▸ **Task requirements**
Reproduce every line of the material below exactly. No pictures belong in the copy.

▸ **Dataset excerpt**
■ ■ ■
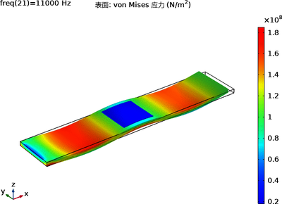 模型采用四分之一对称模型,将压电片嵌于铝板之中。确定压电片的压电柔度矩阵、压电应变矩阵、相对介电矩阵、密度、阻尼常数以及压电介电损耗系数等参数。模型采用固体力学和静电两个物理场接口,固体力学接口施加压电材料、固定约束和边界载荷三个子接口,静电模块施加电势和接地两个子接口。采用压电效应多物理场耦合接口。添加研究时首先对结构进行带预应力的模态分析,确定其固有频率。其次设定频域范围1KHz—3KHz进行研究计算。
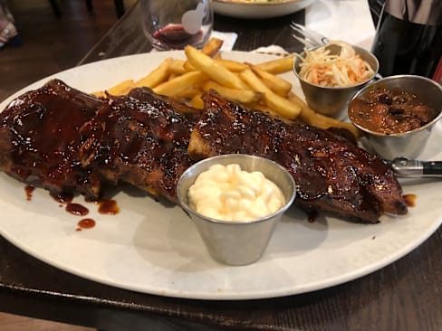 10/10Super service and amazing food. We had a bottle Of wine called sospechoso and it was very good quality. The waiter was super Patient and friendly. The food was amazing. I went for the ribs as they are famous here and I was not dissapointed. Huge ribs with super chips and yummie sides. Recommended to come here even if it’s for the experience
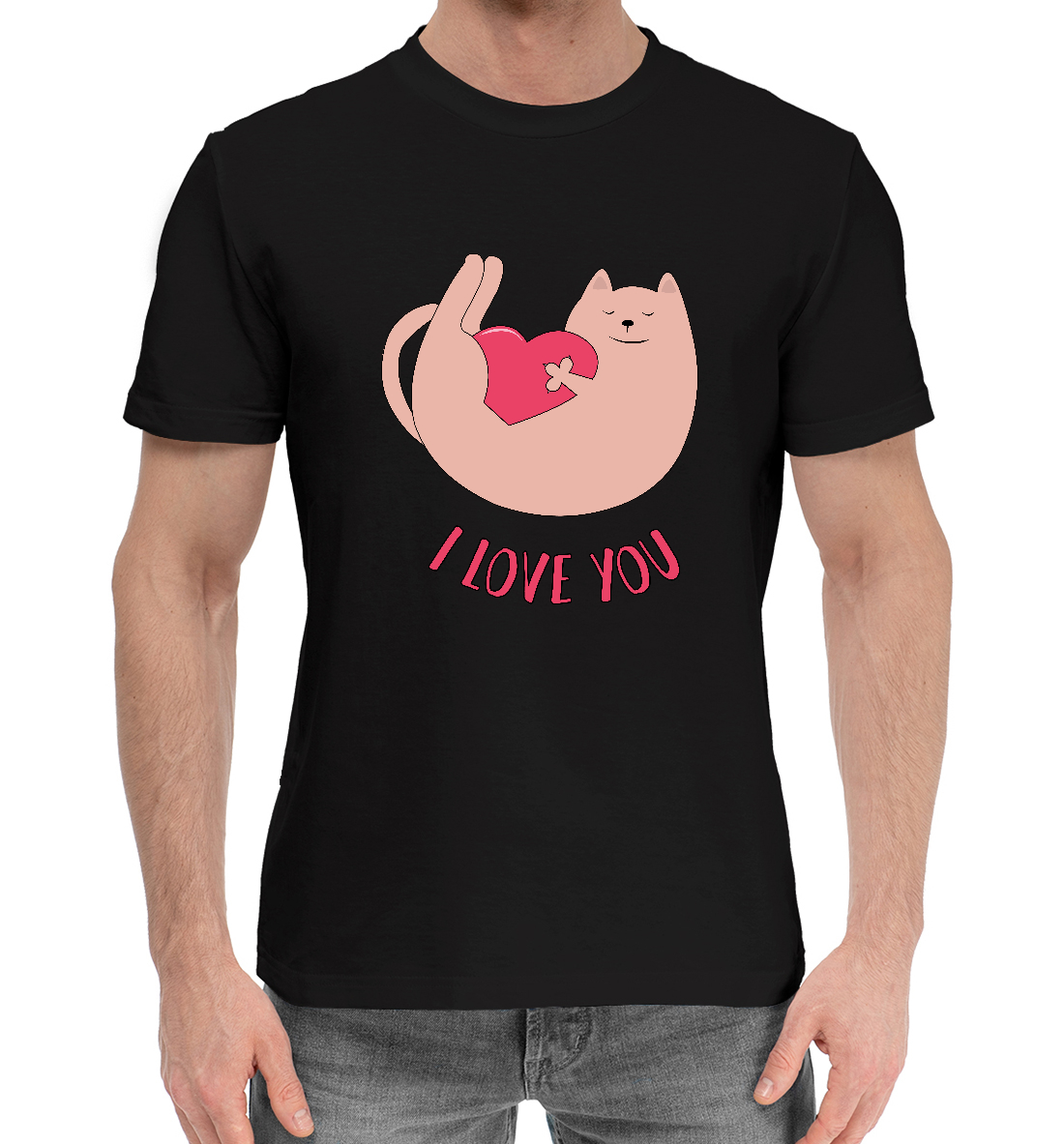 Мужская хлопковая футболка с принтом «Кот играет с сердцем»
■ ■ ■
▸ **Response below**
 模型采用四分之一对称模型,将压电片嵌于铝板之中。确定压电片的压电柔度矩阵、压电应变矩阵、相对介电矩阵、密度、阻尼常数以及压电介电损耗系数等参数。模型采用固体力学和静电两个物理场接口,固体力学接口施加压电材料、固定约束和边界载荷三个子接口,静电模块施加电势和接地两个子接口。采用压电效应多物理场耦合接口。添加研究时首先对结构进行带预应力的模态分析,确定其固有频率。其次设定频域范围1KHz—3KHz进行研究计算。
 10/10Super service and amazing food. We had a bottle Of wine called sospechoso and it was very good quality. The waiter was super Patient and friendly. The food was amazing. I went for the ribs as they are famous here and I was not dissapointed. Huge ribs with super chips and yummie sides. Recommended to come here even if it’s for the experience
 Мужская хлопковая футболка с принтом «Кот играет с сердцем»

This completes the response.